Key Alternative Measures and Building Blocks of Inter-Rater Reliability (IRR) for Nominal Qualitative Data Analysis.
OM = operations management.
Cohen's kappa coefficient and some other IRR statistics can be determined manually (see, e.g., Hallgren 2012) or using computer-assisted qualitative data analysis software (CAQDAS). The use of software enhances traceability; it can recognize coding team members and attribute their work to them, providing an audit trail that would be difficult to replicate using manual coding. Coding agreement can first be visually evaluated using coding “stripes”, i.e., by comparing the parts of text researchers have highlighted and to which they have assigned codes. This provides an opportunity to observe any major, obvious differences, i.e., where the stripes do not overlap, which can be discussed and the corresponding codes either changed or left unresolved. The level of agreement can then be evaluated more formally by calculating IRR statistics.
Generally, a kappa between +0.61 and +0.80 represents “substantial agreement” and between +0.81 and +1.0 indicates “near perfect agreement” (Landis and Koch 1977). A level of subjective interpretation might be expected and acceptable, thus achieving perfect agreement may not be the objective—it might be argued that divergent views on the data should be embraced and can lead to the emergence of more nuanced theory. Discussions between coders may take place to discuss any divergent views, with the coding team determining what level of agreement should trigger a discussion and what level of agreement should be sought after reconciliation. But, of course, it is important to note that perfect agreement does not guarantee the data has been interpreted correctly—two coders could be equally wrong—it only guarantees the data has been interpreted consistently. Putting a figure on the level of agreement prompts dialogue, which is the real key to further enhancing the findings from qualitative data.

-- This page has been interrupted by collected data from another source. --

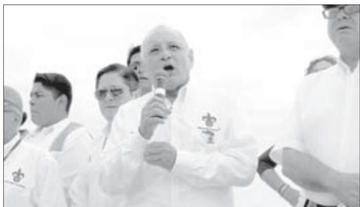
El Vicerector refrendó las demandas de la institución
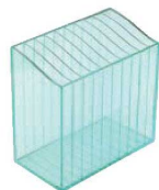
⑭えいむ 伝票バイnderボックス 10段
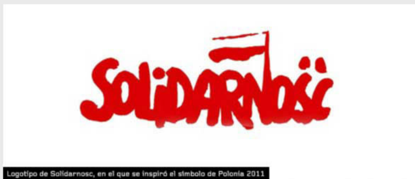
Logotipo de Solidarnosc, en el que se inspiró el símbolo de Polonia 2011

El logotipo que representa a Polonia es obra de Jerzy Janiszewski, artista gráfico y escenógrafo de fama mundial. Entre los muchos méritos de este autor se encuentra el haber ideado, hace 31 años, el logotipo "Solidarnosc" (Solidaridad), que dió la vuelta al mundo y se erigió como símbolo de la lucha polaca por la libertad y las reformas democráticas.
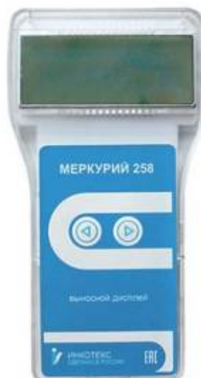
Рисунок 2 – Общий вид выносного дисплея Меркурий 258

IRR Reconciliation and Reporting
Reconciliation is partly analytical and formative; it can improve the findings or theory emerging from data through consensus building. Campbell et al. (2013) stressed the importance of this stage and of explaining in detail how discrepancies were identified and dealt with. IRR serves to flag where reconciliation may be needed and consensus building could benefit the data analysis. Why did researchers code something differently? Does the data have another, alternative meaning that informs theory development? And so on. It may, for example, be that there are different understandings of how the codes have been defined or how they have been interpreted, there may be differences in terms of the length of text associated with a code by two researchers, or there may be simple human attention error or differing levels of coding experience, causing discrepancies. Coder experience may include coders at different levels of maturity, degree of coding skill, and/or understanding of the topic. Most importantly, the reconciliation process for addressing differences must be robust and democratic, particularly to avoid the issue of power dynamics in a research team—where senior or more dominant members may influence the reconciliation process and possibly even skew it. For additional validity checks, where possible, findings can be shared with the informants, which may be followed by a further iteration.
In reconciling differences, it may be necessary to go back and adapt the codebook. It is natural for codes to evolve, change, be renamed, or for new codes to be created; and it is important to show how they were merged, absorbed using secondary or tertiary coding categories, and removed; and to present the final set of codes. There are many creative ways of illustrating the coding and IRR journey. In addition to results and reconciliation tables that summarize the presence (or not) of codes (e.g., across cases) and IRR statistics (e.g., overall, by code, and by data source), a schematic can be useful. Saldaña (2013), for example, offered a template to demonstrate the funneling/streamlining of codes in qualitative inquiry.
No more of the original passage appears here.